Salah satu pengiat lingkungan, yang rumahnya tidak jauh dari pohon randu tersebut, Maher Dharma Wijaya, menuturkan bahwa ia mendapatkan cerita dari ayahnya, yangmana ayahnya juga mendapatkan dari kakeknya, mengatakan bahwa pohon randu itu sudah ada dan sebesar sekarang ini.
"Sejak jaman saya, pohon randu itu sudah ada dan sudah sebesar itu," ucap Maher dengan bahasa jawa menirukan apa yang diucapkan sang ayah yang kini usianya sudah sekitar 70 tahun.
Pohon randu alas, yang akan ditebang karena dianggap sudah mati. (FOTO: Hermanto/ TIMES Indonesia)
Menurut pengamatan Maher, yang pernah menanam dan merawat lebih dari 50 jenis pohon beringin di kawasan Menoreh dan beberapa pegunungan lainnya, menjelaskan bahwa pohon randu itu memiliki 4 siklus hidup dalam 1 tahun.
"4 bulan berdaun, 4 bulan rontok dan 4 bulan mengering, saat mengering inilah banyak yang menganggap pohon itu telah mati, sebenernya tidak," tegasnya.
Kali ini Maher memang menemukan keanehan dalam siklus hidup pohon randu tersebut. Selama ini ia belum pernah menjumpai pohon randu itu sampai sangat kering dan kulit kayunya mengelupas cukup banyak.

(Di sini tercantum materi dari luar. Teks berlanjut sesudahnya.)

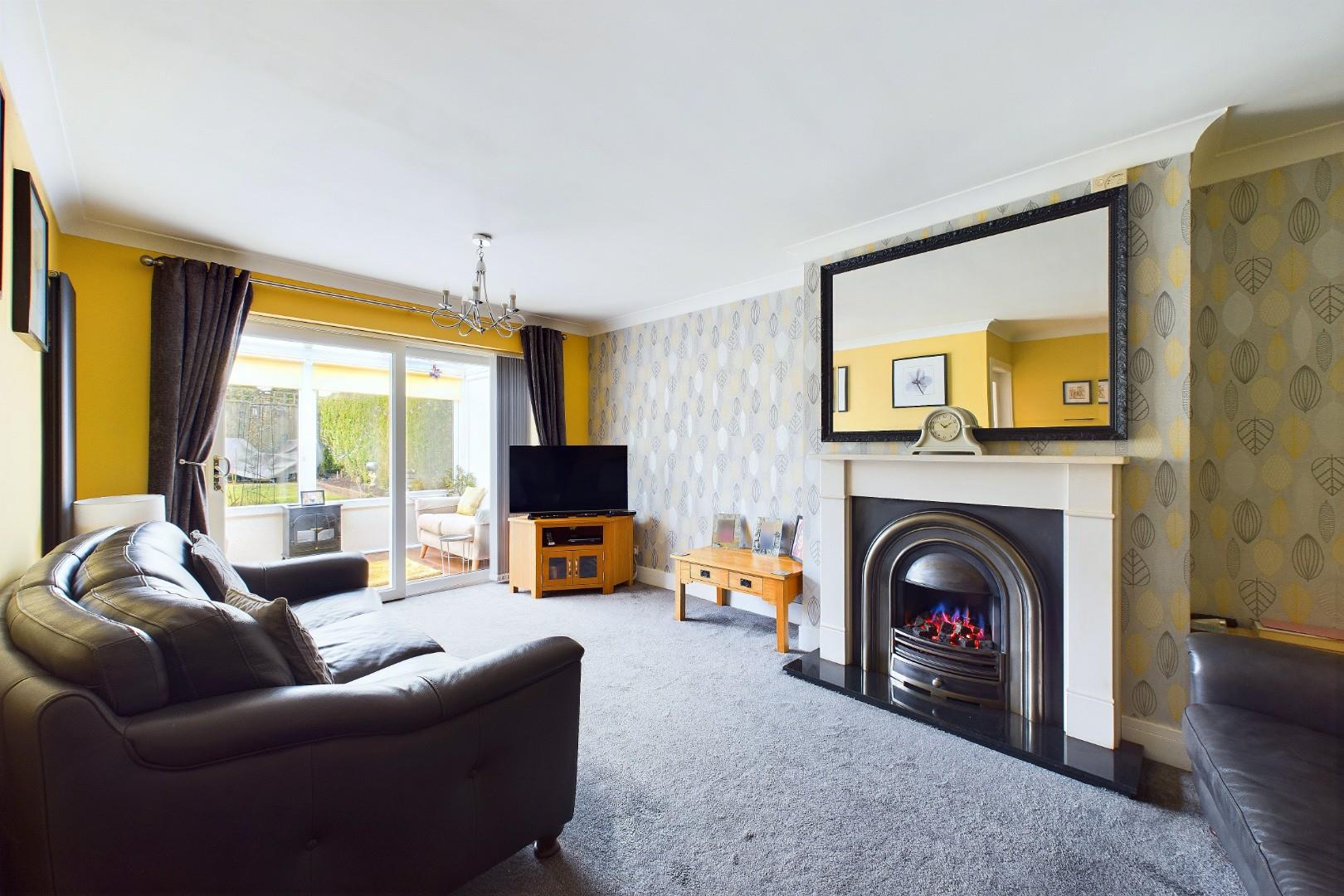 With a door leading from the entrance hall, a door leading to the kitchen diner, gas fireplace with decorative surround, a double glazed sliding door to the conservatory and central heating radiators
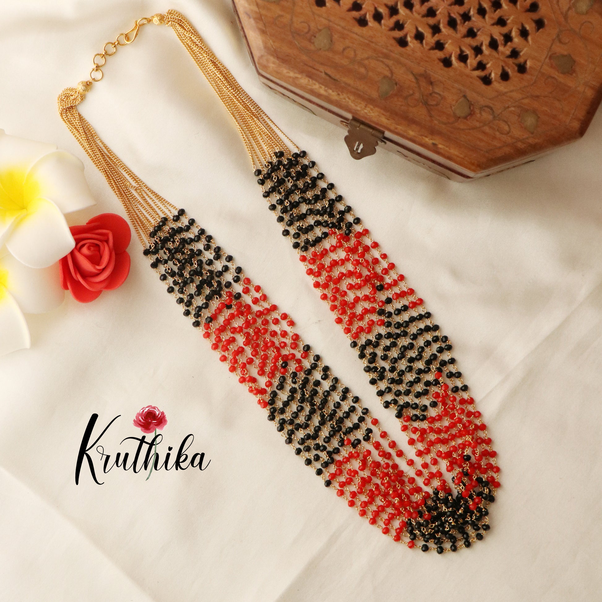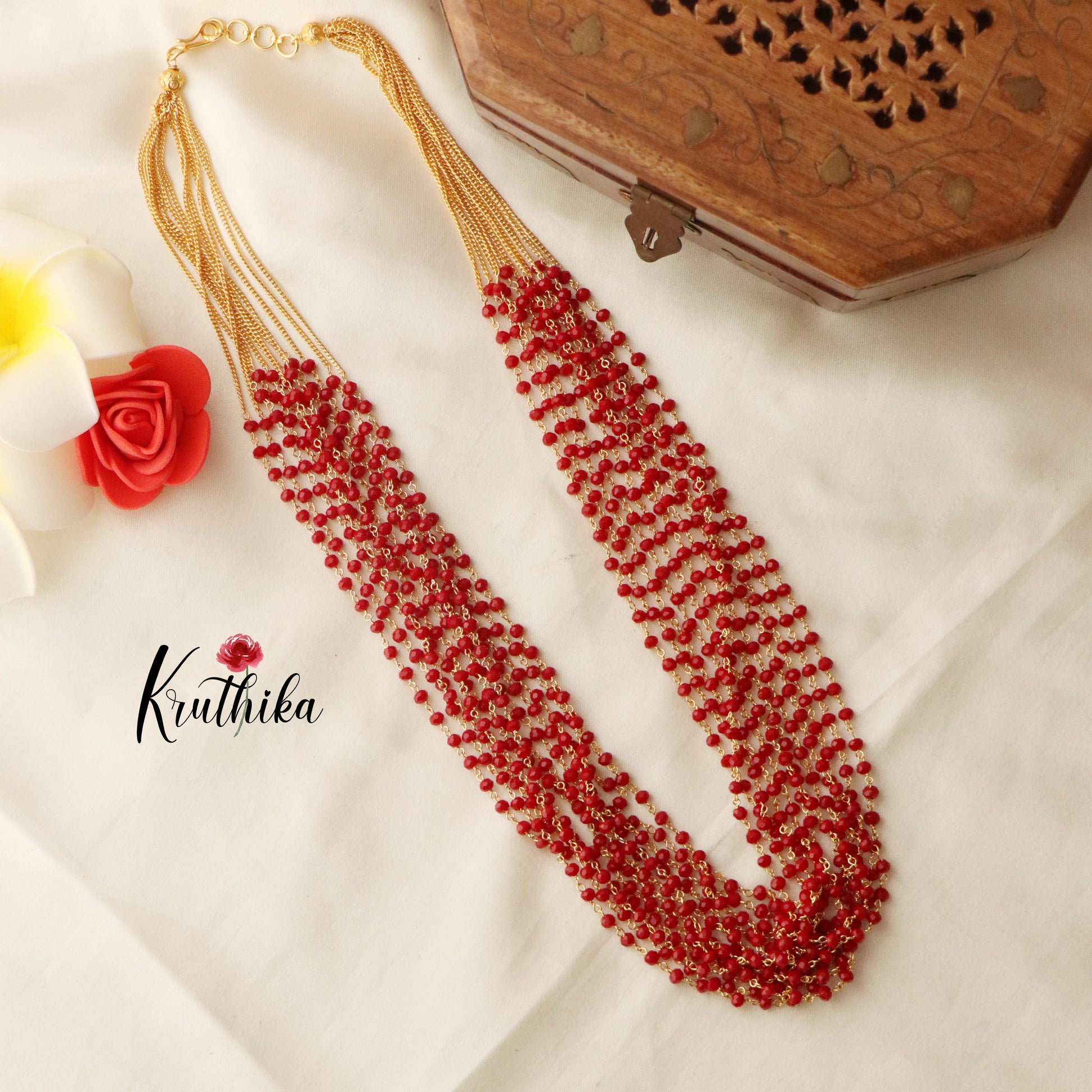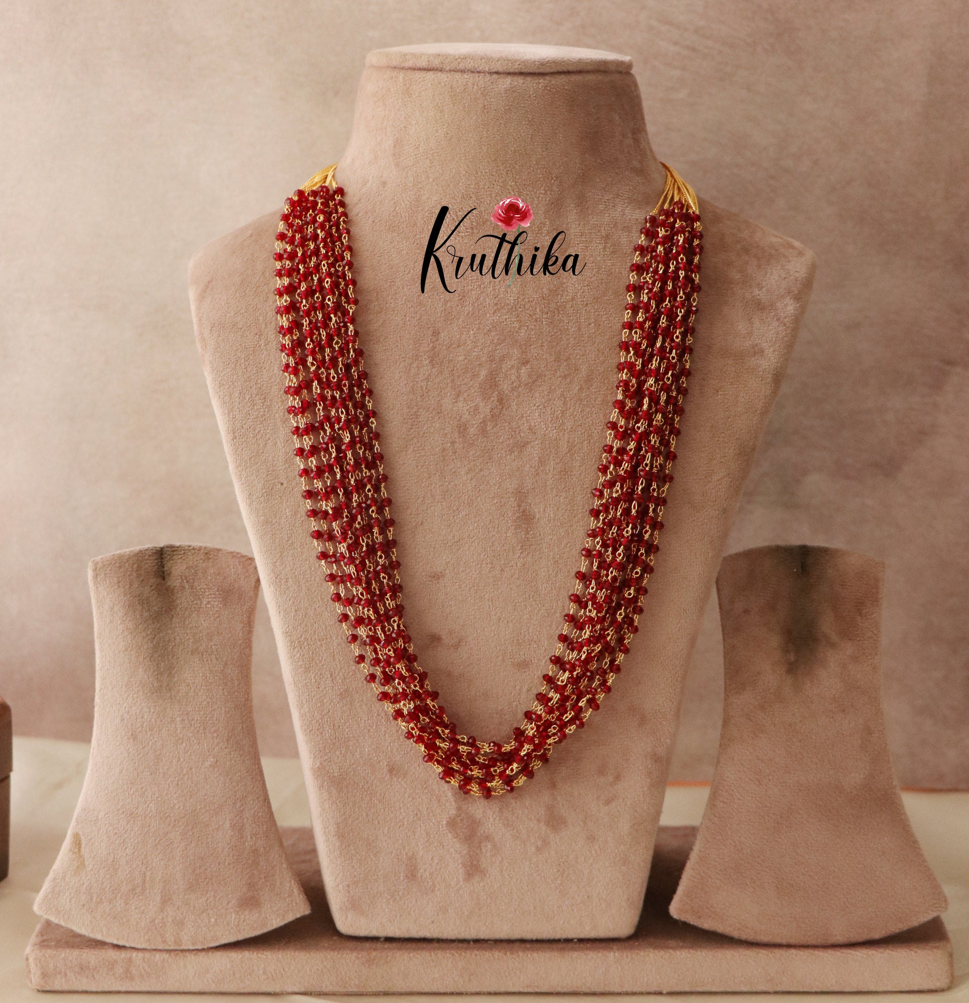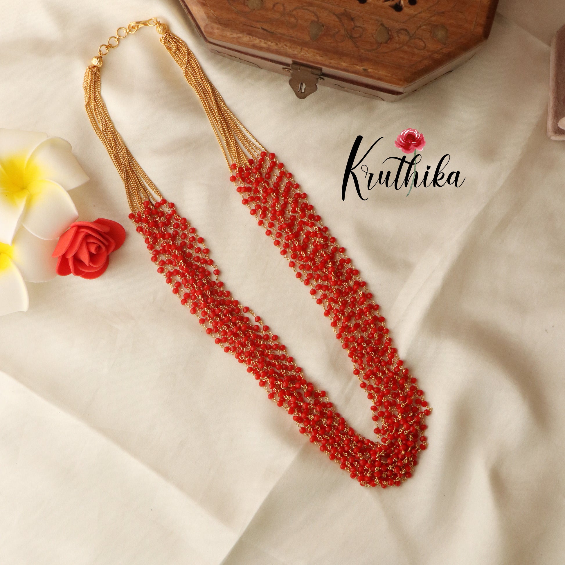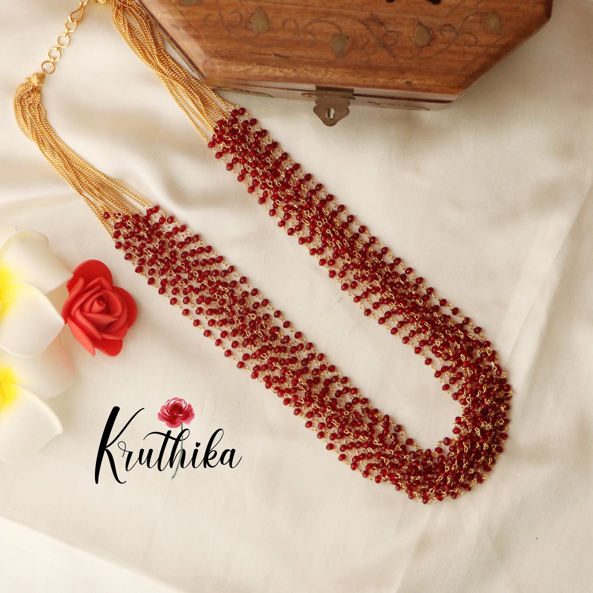 Enhance your style with our stunning,12 Line Pearl beads Mala . Crafted with high-quality stones & beads, this set combines timeless elegance with a modern touch. Ideal for special occasions or adding a touch of glamour to your look.
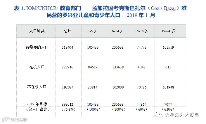 有关脆弱人群(例如流离失所的移民儿童)的数据, 一旦是具体的,且有可能对当前政策挑战 做出贡献时, 会变得尤其重要。 一个例子是下文有关在孟加拉国考克斯巴扎尔(Cox's Bazar)的罗兴 亚年轻难民分布的详细信息, 该地有超过 50% 的儿童人口失学。在这种情况下, 最新的年龄和性别 详细信息可以帮助适量地扩展学校课程和技能培训。

"Setelah saya amati dan saya tanyakan ke beberapa ahli, ternyata pohon randu itu sedang sakit, namun belum mati," imbuhnya.
Untuk menjaga agar tetap hidup, Maher rela menyirami pohon randu itu. Ia dibantu Aan, yang merupakan kakak sepupunya berupaya agar pohon itu tetap hidup dan tetap menjadi ikon di desanya.
Hampir 2 bulan, ia dan Aan dengan sukarela merawat pohon itu. Beberapa pupuk organik yang ia perolehan dari para ahli tanaman, juga ia aplikasikan.
"Saya dan Aan, bergantian untuk saling merawat, kalaupun akhirnya nanti jadi ditebang, minimal saya pernah melakukan yang terbaik untuk pohon itu," katanya kepada TIMES Indonesia (Kamis, 15/1/2026).
Tidur di Bahwan Pohon
Untuk mendapatkan kepastian apakah pohon randu itu masih hidup seperti yang disangkakan, Maher rela 2 kali tidur di bawah pohon itu. Ia mencoba mencari jawaban dari alam.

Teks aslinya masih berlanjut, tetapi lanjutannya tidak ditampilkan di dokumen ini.